You can't just directly calculate the distance between two pixels in real world units.
You will need some more information which may be obtained in several ways:
- Considering the person is passing the camera almost horizontal (not walking away from or up to the camera) you may use the size of some object in the image that you know. E.g. if you know the length of the floor (seen on the image) the person is walking on you can easily correlate the relating walking distance. You may know this method from typical crime scene photographies, where a ruler of known size is placed next to the relevant obejcts.
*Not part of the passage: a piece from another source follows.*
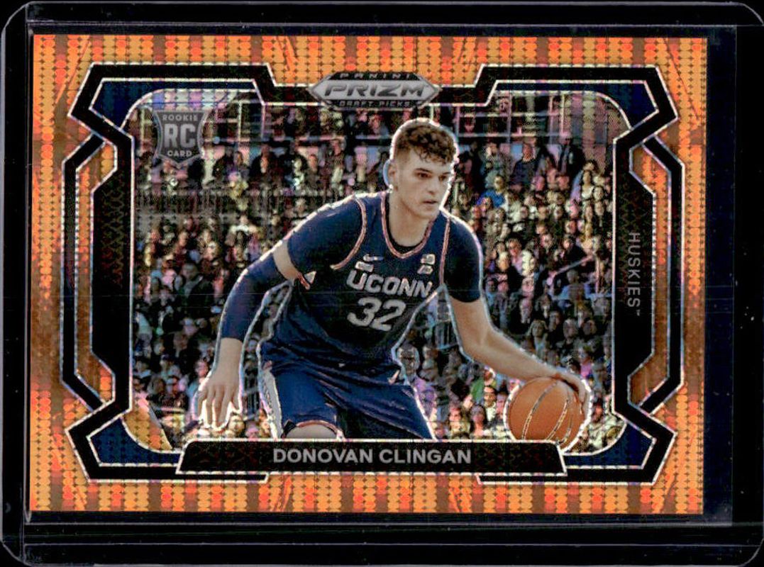 The Donovan Clingan 2024 Prizm Draft Picks #95b Orange Pulsar /49 Rookie card is 1 of 234 Donovan Clingan's card variations in the 2024 Prizm Draft Picks set being tracked by Sports Card Investor, including #95b Base, #95 Base, #95 Variation, #95b Green, and #95 Green.

- Using some kind of depth information and camera parameters: You can use the depth information of an image to calculate distances and dimensions of objects in an images. Given the distance of an object and camera parameters (focal length) you can calculate the real world dimensions of an object a bit of geometry. Now this depth information may come from several sources: some depth camera which will give you the depth information directly or you can calculate the depth map if you're looking at the same scene from different position (e.g. with a stereo-camera setup). If you just have a video of a scene from on point of view you can use consecutive frames to calculate the depth information. The latter is also know as structure from motion:
http://en.wikipedia.org/wiki/Structure_from_motion[
^]
You should understand the pinhole-camera model which contains all the neccesary variables needed:
http://en.wikipedia.org/wiki/Pinhole_camera_model[
^]
There are of course many other ways if you can influence the recordings.